Data segment.

----------------------------------------

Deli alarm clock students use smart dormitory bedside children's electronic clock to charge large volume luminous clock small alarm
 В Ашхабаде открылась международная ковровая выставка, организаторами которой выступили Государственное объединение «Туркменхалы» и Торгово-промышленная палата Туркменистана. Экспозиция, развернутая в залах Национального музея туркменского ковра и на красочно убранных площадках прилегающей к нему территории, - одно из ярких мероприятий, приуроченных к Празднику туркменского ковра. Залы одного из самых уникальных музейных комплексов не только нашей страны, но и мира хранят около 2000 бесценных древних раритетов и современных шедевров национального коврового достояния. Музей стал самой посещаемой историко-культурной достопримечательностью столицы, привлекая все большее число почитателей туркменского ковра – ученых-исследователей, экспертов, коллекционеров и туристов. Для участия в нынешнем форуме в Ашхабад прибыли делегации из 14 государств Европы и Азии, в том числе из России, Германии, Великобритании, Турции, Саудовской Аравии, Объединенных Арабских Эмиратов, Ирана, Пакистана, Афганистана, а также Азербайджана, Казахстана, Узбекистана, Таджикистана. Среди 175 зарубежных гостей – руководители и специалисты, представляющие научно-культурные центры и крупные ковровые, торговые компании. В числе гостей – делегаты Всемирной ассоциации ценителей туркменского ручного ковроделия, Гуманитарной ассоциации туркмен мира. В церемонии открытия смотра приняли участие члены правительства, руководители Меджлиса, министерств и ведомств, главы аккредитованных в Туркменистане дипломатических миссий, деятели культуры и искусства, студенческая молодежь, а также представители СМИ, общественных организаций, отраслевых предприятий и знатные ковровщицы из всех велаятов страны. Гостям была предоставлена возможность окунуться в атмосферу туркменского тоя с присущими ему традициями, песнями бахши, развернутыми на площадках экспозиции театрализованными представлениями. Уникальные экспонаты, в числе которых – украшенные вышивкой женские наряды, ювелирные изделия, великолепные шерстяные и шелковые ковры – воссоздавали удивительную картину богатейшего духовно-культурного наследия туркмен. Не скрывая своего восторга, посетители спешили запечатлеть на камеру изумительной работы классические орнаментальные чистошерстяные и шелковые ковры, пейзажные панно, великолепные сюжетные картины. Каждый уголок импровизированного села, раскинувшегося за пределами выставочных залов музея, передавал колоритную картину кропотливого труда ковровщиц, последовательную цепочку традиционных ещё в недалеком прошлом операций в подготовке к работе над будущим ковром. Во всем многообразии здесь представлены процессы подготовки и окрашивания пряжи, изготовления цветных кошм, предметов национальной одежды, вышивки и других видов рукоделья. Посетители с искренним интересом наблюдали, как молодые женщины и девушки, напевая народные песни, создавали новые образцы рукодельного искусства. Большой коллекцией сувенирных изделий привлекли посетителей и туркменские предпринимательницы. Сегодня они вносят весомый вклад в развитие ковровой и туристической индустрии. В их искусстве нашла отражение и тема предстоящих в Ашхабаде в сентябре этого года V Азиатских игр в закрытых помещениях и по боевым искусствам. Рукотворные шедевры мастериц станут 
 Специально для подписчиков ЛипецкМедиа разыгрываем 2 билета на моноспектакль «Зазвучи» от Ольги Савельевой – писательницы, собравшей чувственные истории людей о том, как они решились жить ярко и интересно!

----------------------------------------

Description of the task. The whole of the material above is to be restated exactly.

Task result.
Deli alarm clock students use smart dormitory bedside children's electronic clock to charge large volume luminous clock small alarm
 В Ашхабаде открылась международная ковровая выставка, организаторами которой выступили Государственное объединение «Туркменхалы» и Торгово-промышленная палата Туркменистана. Экспозиция, развернутая в залах Национального музея туркменского ковра и на красочно убранных площадках прилегающей к нему территории, - одно из ярких мероприятий, приуроченных к Празднику туркменского ковра. Залы одного из самых уникальных музейных комплексов не только нашей страны, но и мира хранят около 2000 бесценных древних раритетов и современных шедевров национального коврового достояния. Музей стал самой посещаемой историко-культурной достопримечательностью столицы, привлекая все большее число почитателей туркменского ковра – ученых-исследователей, экспертов, коллекционеров и туристов. Для участия в нынешнем форуме в Ашхабад прибыли делегации из 14 государств Европы и Азии, в том числе из России, Германии, Великобритании, Турции, Саудовской Аравии, Объединенных Арабских Эмиратов, Ирана, Пакистана, Афганистана, а также Азербайджана, Казахстана, Узбекистана, Таджикистана. Среди 175 зарубежных гостей – руководители и специалисты, представляющие научно-культурные центры и крупные ковровые, торговые компании. В числе гостей – делегаты Всемирной ассоциации ценителей туркменского ручного ковроделия, Гуманитарной ассоциации туркмен мира. В церемонии открытия смотра приняли участие члены правительства, руководители Меджлиса, министерств и ведомств, главы аккредитованных в Туркменистане дипломатических миссий, деятели культуры и искусства, студенческая молодежь, а также представители СМИ, общественных организаций, отраслевых предприятий и знатные ковровщицы из всех велаятов страны. Гостям была предоставлена возможность окунуться в атмосферу туркменского тоя с присущими ему традициями, песнями бахши, развернутыми на площадках экспозиции театрализованными представлениями. Уникальные экспонаты, в числе которых – украшенные вышивкой женские наряды, ювелирные изделия, великолепные шерстяные и шелковые ковры – воссоздавали удивительную картину богатейшего духовно-культурного наследия туркмен. Не скрывая своего восторга, посетители спешили запечатлеть на камеру изумительной работы классические орнаментальные чистошерстяные и шелковые ковры, пейзажные панно, великолепные сюжетные картины. Каждый уголок импровизированного села, раскинувшегося за пределами выставочных залов музея, передавал колоритную картину кропотливого труда ковровщиц, последовательную цепочку традиционных ещё в недалеком прошлом операций в подготовке к работе над будущим ковром. Во всем многообразии здесь представлены процессы подготовки и окрашивания пряжи, изготовления цветных кошм, предметов национальной одежды, вышивки и других видов рукоделья. Посетители с искренним интересом наблюдали, как молодые женщины и девушки, напевая народные песни, создавали новые образцы рукодельного искусства. Большой коллекцией сувенирных изделий привлекли посетителей и туркменские предпринимательницы. Сегодня они вносят весомый вклад в развитие ковровой и туристической индустрии. В их искусстве нашла отражение и тема предстоящих в Ашхабаде в сентябре этого года V Азиатских игр в закрытых помещениях и по боевым искусствам. Рукотворные шедевры мастериц станут 
 Специально для подписчиков ЛипецкМедиа разыгрываем 2 билета на моноспектакль «Зазвучи» от Ольги Савельевой – писательницы, собравшей чувственные истории людей о том, как они решились жить ярко и интересно!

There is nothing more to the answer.